Роджер понял, что задерживал дыхание. Он выдохнул и медленно втянул воздух, пахнущий солью и соснами, и слабой вонью гниющих моллюсков. Таким образом, это случится скоро или вечером, или только на рассвете следующего дня. Он надеялся, что это случится скорее, и в тоже время позже.
Пиретта приблизилась к причалу; Дафф зацепился веслом за одну их свай, покрытых моллюсками, и Джейми быстро взобрался наверх, горя нетерпением оказаться на твердой земле. Роджер передал наверх мечи и небольшой сверток, в котором были их фляги и запасной порох, потом поднялся сам. Оказавшись на причале, он приготовился услышать звуки человеческого движения, но услышал только трели черных дроздов на болоте и крик чаек над заливом.
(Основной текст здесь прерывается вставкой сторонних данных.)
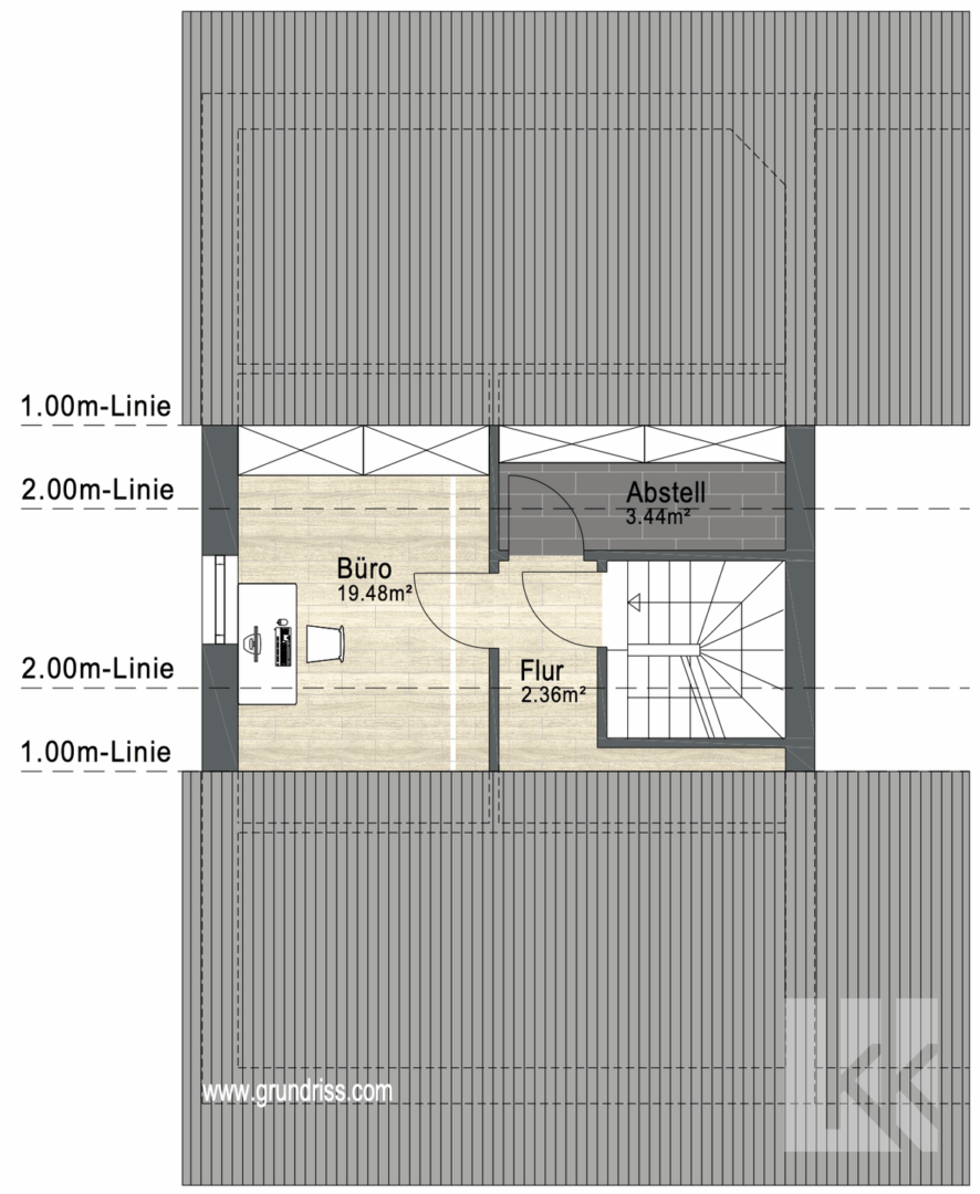 Praktisch ergänzt wird das Erdgeschoss durch einen Hauswirtschaftsraum, der zusätzlichen Stauraum bietet und Platz für Waschmaschine, Trockner und vieles mehr bereithält.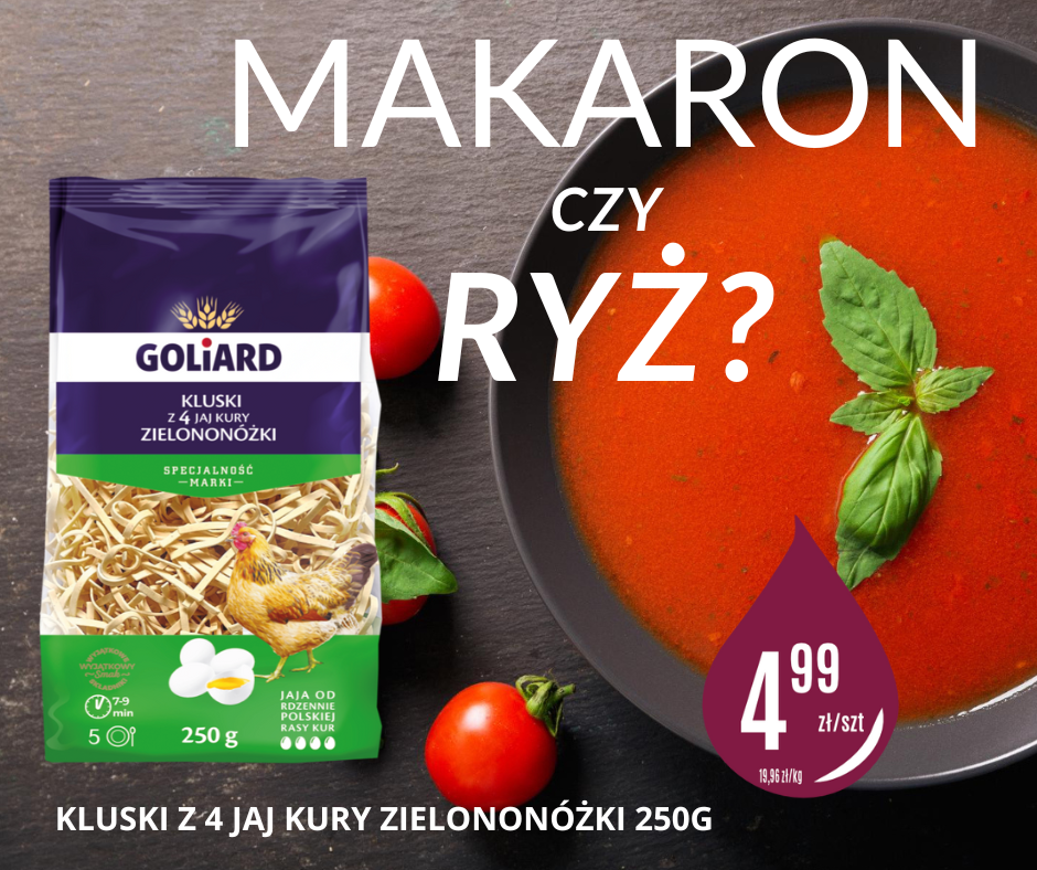 2025-09-192025-09-12Promocje Goliard kluseczki 🍅🥣 Pomidorowa – klasyk nad klasyki! Ryż czy makaron? 🤔 My wybieramy kluski z 4 jaj od kury zielononóżki Goliard 🥚✨ – bo najlepsze smaki zasługują na najlepsze dodatki. A Ty, z czym jesz swoją pomidorową? 👇 #kroplapolskidetal #pomidorowa #goliard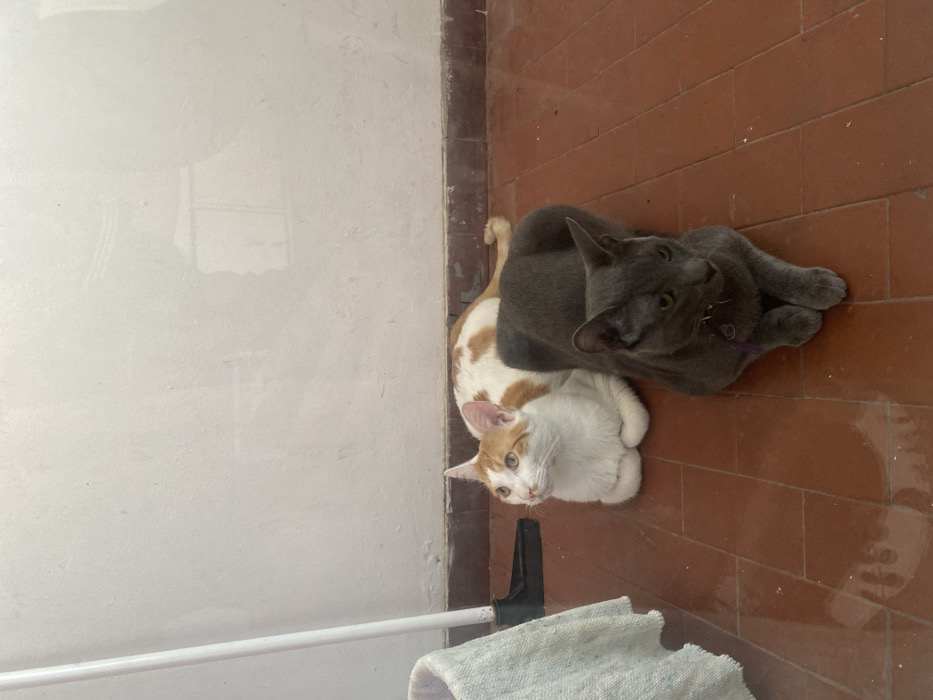 Two cats rest on a red-tiled floor near a white wall and a drying rack with a white towel. One cat is a solid gray, lying stretched out on top of the other. The other cat is white with orange markings and is curled up below. Both cats face the camera.
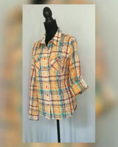 Blusa estilo Shorts mod "Floreada". Blusa estilo Shirt c/estampado de flores miniatura y tonos multicolor, cuello clásico c/solapas, cierre p/botonadura frontal, 2 bolsos frontales plastrón c/solapa, manga terminada en puño y tira para convertir a 3/4. Talla G. Dimensiones cms: 40.5 hombro, 52.5 axila, 51 cintura, 55 zona baja, 66 largo, 67.5 largo manga. 100% algodón. P/lavado en casa.***Esta marca maneja prendas de extraordinaria calidad, su algodón es orgánico y soporta ciclos de lavado en máquina sin problemas, no se deslavan los estampados y las telas salen casi sin arrugas.***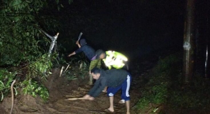 Garut – Personel Polsek Banjarwangi Polres Garut melaksanakan evakuasi material tanah longsor yang menutup sebagian badan jalan di wilayah Kecamatan Banjarwangi, Kabupaten Garut. Sabtu (21/2/2026) malam.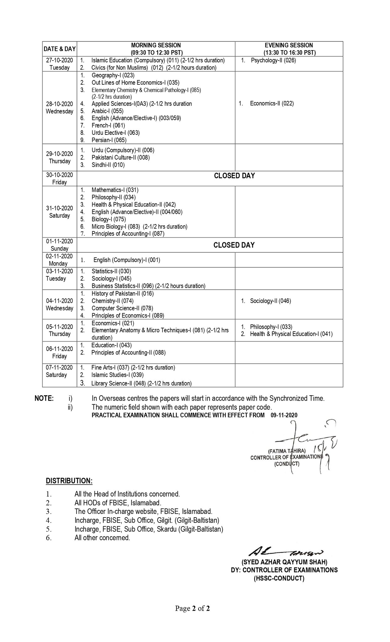 Fbise Official On Twitter It Is Hereby Notified For The General Information Of All Concerned That The Higher Secondary School Certificate Part I Ii Special Annual Examination 2020 Of The Fbise Islamabad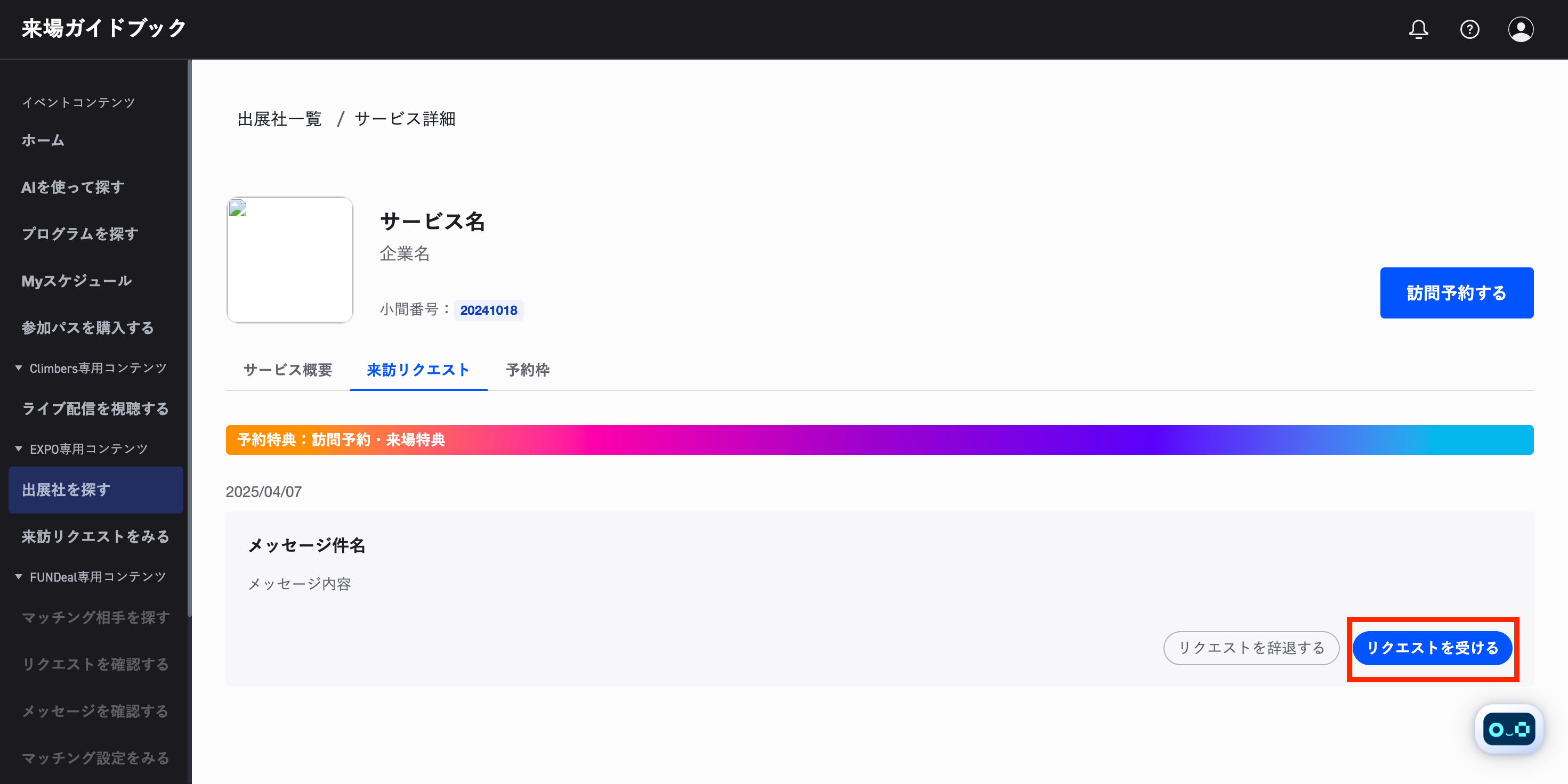 出展ブースからブースへの来訪リクエストメッセージが届く場合があります。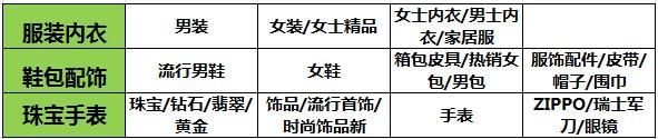 2、面向服裝內衣、鞋包配飾、珠寶手表3個大類目的商家;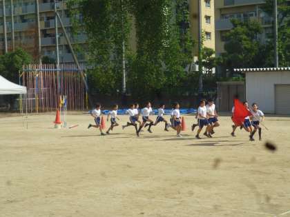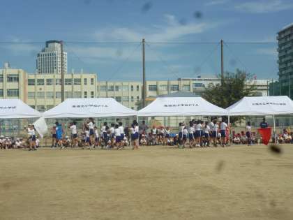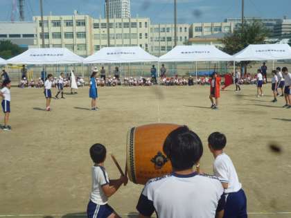 応援団の全体練習もしていきました。応援団の大きな掛け声に合わせて、みんなも大きな声を出して応援しました。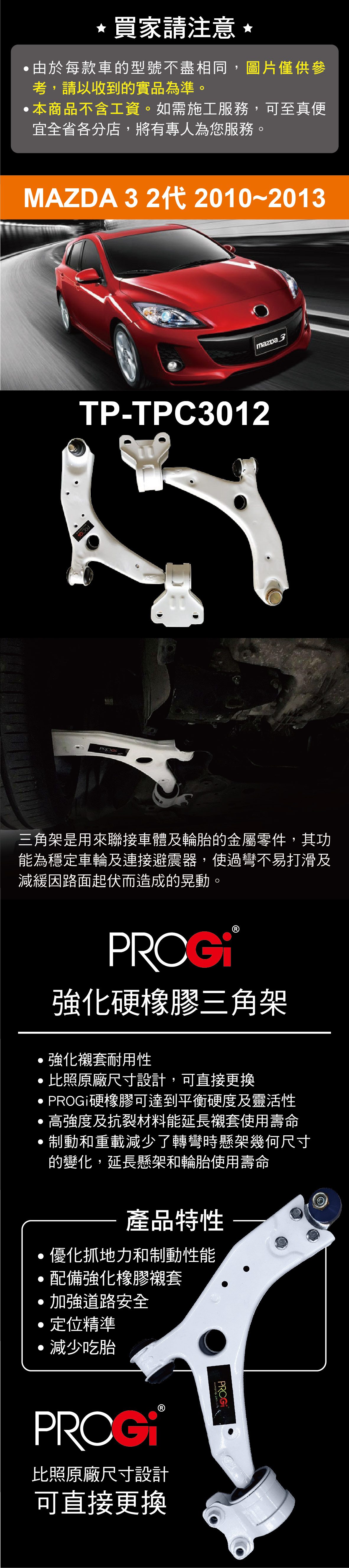 PROGi TP-TPC3012 強化硬橡膠三角架(MAZDA 3 2代 2010~2013)(無保固/工資另計/售完為止)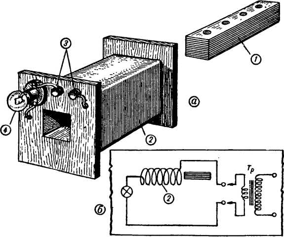 Рис. 58. Устройство прибора для регулирования яркости света (а – общий вид прибора; б – электрическая схема): 1 – сердечник; 2 – катушка; 3 – зажимы; 4 – патрон.

Джейми порылся в своем спорране и вытащил маленький кошелек, который бросил вниз Даффу, кивнув головой. Слова были не нужны, это был задаток. Остальное Дафф получит, когда через два дня вернется за ними. Если встреча — засада — пройдет успешно, он заплатит оставшуюся часть оговоренной суммы, если нет — заплатит Клэр.
Он вспомнил лицо Клэр, бледное и осунувшееся, когда она кивнула со строго сжатыми губами в ответ на пояснения Джейми о договоре с Даффом. Потом ее взгляд переместился на Даффа с жестким выражением в желтых глазах, как у ястреба, собирающегося схватить мышь, и Роджер увидел, что мужчина вздрогнул от этой скрытой угрозы. Он скрыл улыбку. Если дружбы и денег будет недостаточно, чтобы держать рот Даффа закрытым, то, возможно, страх перед Белой леди сделает это.
Они молча стояли на причале, наблюдая, как пиретта медленно уплывала прочь. В животе Роджера образовался тугой комок. Он помолился бы, но не мог. Он не мог просить помощи в таком деле, ни у Бога, ни у архангела Михаила, ни у преподобного, ни у своих родителей. Только у Джейми Фрейзера.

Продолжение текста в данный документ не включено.